AMÉRICAS

Mercenarios colombianos llevan las viejas guerras de Colombia a las infancias robadas de Sudán

En la brutal guerra de Sudán, mercenarios colombianos supuestamente entrenaron a niños secuestrados para operar artillería y armas antiaéreas, exponiendo cómo la economía de veteranos de América Latina ahora alimenta conflictos lejanos mientras los niños heredan la violencia, la vergüenza y el trauma que los soldados profesionales pueden dejar atrás.
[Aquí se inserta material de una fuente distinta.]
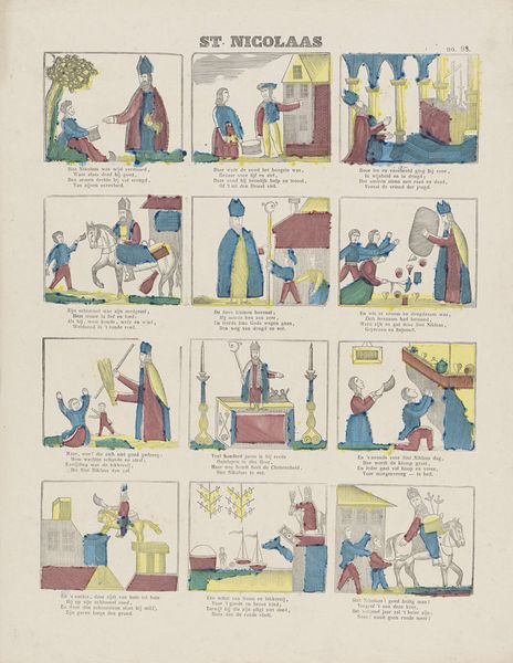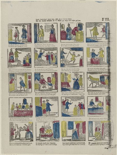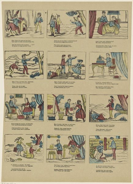 Editor: So, we’re looking at “Vrouwelijke bezigheden,” or "Female Activities," a print made sometime between 1848 and 1881, by Lutkie & Cranenburg, here at the Rijksmuseum. It strikes me as both quaint and incredibly regimented; a series of vignettes depicting women doing chores. What can you tell us about the context for a work like this? Curator: Well, first, let’s consider the socio-political backdrop. Mid-19th century Netherlands was deeply patriarchal, with clearly defined gender roles. This print isn't just showing women doing chores, it's actively reinforcing the ideal of domesticity. Who do you think was the intended audience for this work? Editor: Probably middle-class families? Maybe to hang in their homes to remind everyone, especially the women, of their duties? Curator: Precisely! And the stylistic choices – the simple linework, the somewhat folksy aesthetic – all point towards accessibility and widespread distribution. These weren't meant for the wealthy elite. Think about how the industrial revolution might affect these depictions. Editor: Hmm, mass production? Could the print be tapping into anxieties around those new mechanized modes of production, by emphasizing the comforting image of traditional female labour? Curator: That's a great insight. Also notice how it glosses over the harder realities of housework; it's a sanitized version. Does that affect your reading? Editor: Absolutely, it definitely reveals a specific ideology. It reminds me how crucial it is to critically examine what images choose to depict – and, crucially, what they leave out! Curator: Indeed. Seeing it as a carefully constructed piece of social messaging rather than a simple depiction of everyday life certainly changes our understanding of its historical function, right? Editor: Yes, I'll definitely think twice now about so-called 'snapshots' of daily life!

Los niños dejados junto a las armas

El avión de guerra voló lo suficientemente bajo como para que el miedo se volviera físico. Un adolescente, con las manos y las piernas encadenadas a una ametralladora antiaérea montada en una camioneta, observó cómo los adultos corrían a buscar refugio. Otro niño estaba sujeto al volante. A ambos se les ordenó permanecer afuera y disparar.

El joven, ahora de 17 años, dijo que los hombres que enseñaban a los combatientes a usar el arma eran mercenarios colombianos que trabajaban con las Fuerzas de Apoyo Rápido de Sudán, o RSF. Cuando aparecían los aviones, recordó, los extranjeros se retiraban a los búnkeres mientras los niños quedaban expuestos.

“Estaba extremadamente asustado. Solo quería escapar e irme a casa”, contó a The Associated Press.

Su testimonio aparece en un reportaje de los periodistas de AP Sam Mednick, Isabel Debre y Astrid Suárez. Seis ex niños soldados hablaron de forma anónima, por temor a represalias, y dos describieron entrenamiento directo por colombianos. La AP no pudo verificar de forma independiente cada detalle, aunque los relatos coincidían con otros informes sobre el conflicto.

El adolescente dijo que combatientes de la RSF lo capturaron a los 15 años mientras vendía cigarrillos en un mercado de Omdurmán. Buscaban desertores y lo tomaron por error. Nunca había sostenido un arma. Pronto estaba en la línea de frente, donde la metralla le dejó cicatrices en la cabeza y la piel debajo de un ojo.

Más tarde, en el campamento de Reserva Central de la RSF, estuvo retenido junto a decenas de niños cuyas manos permanecían atadas incluso mientras comían. Bañarse significaba que les echaban agua sobre el cuerpo atado. Dijo que los colombianos los entrenaban en armas antiaéreas a través de traductores e instruían al personal de la RSF para atar a los niños a las armas y así evitar que escaparan.

Un segundo niño, también capturado a los 15 años, describió entrenamiento en el campamento de al-Konan en artillería pesada y drones. Dijo que instructores colombianos y combatientes de la RSF seleccionaban objetivos usando imágenes en vivo. A veces podía ver civiles en la pantalla. Cuando se negó a disparar, lo golpearon, a veces con una porra eléctrica. Una vez, contó, un colombiano lo dejó inconsciente de un golpe.

Un amigo de 18 años intentó huir. Combatientes de la RSF le dispararon y lo mataron, y el niño tuvo que cargar el cuerpo.

“Todavía tengo pesadillas cada vez que intento dormir”, contó a la AP.

Convoy militar en Sudán. EFE

Las guerras de Colombia se convierten en industria de exportación

La presencia colombiana en Sudán no es un accidente de nacionalidad. Es la vida posterior de una economía de conflicto.

Décadas de guerra contra guerrillas, paramilitares y organizaciones de narcotráfico produjeron un gran contingente de soldados colombianos expertos en contrainsurgencia, guerra en la selva, inteligencia y manejo de armas. La asistencia en seguridad de Estados Unidos reforzó esa experiencia. Colombia se volvió muy eficaz produciendo veteranos de combate, pero mucho menos exitosa en ofrecerles a todos un futuro civil digno.

Unos 10,000 colombianos se han contratado para guerras extranjeras, incluyendo Somalia, Ucrania y Sudán, según cifras de Naciones Unidas citadas por la AP. Los reclutadores valoran su experiencia. Muchos veteranos, mientras tanto, enfrentan pensiones exiguas y escasez de empleos civiles.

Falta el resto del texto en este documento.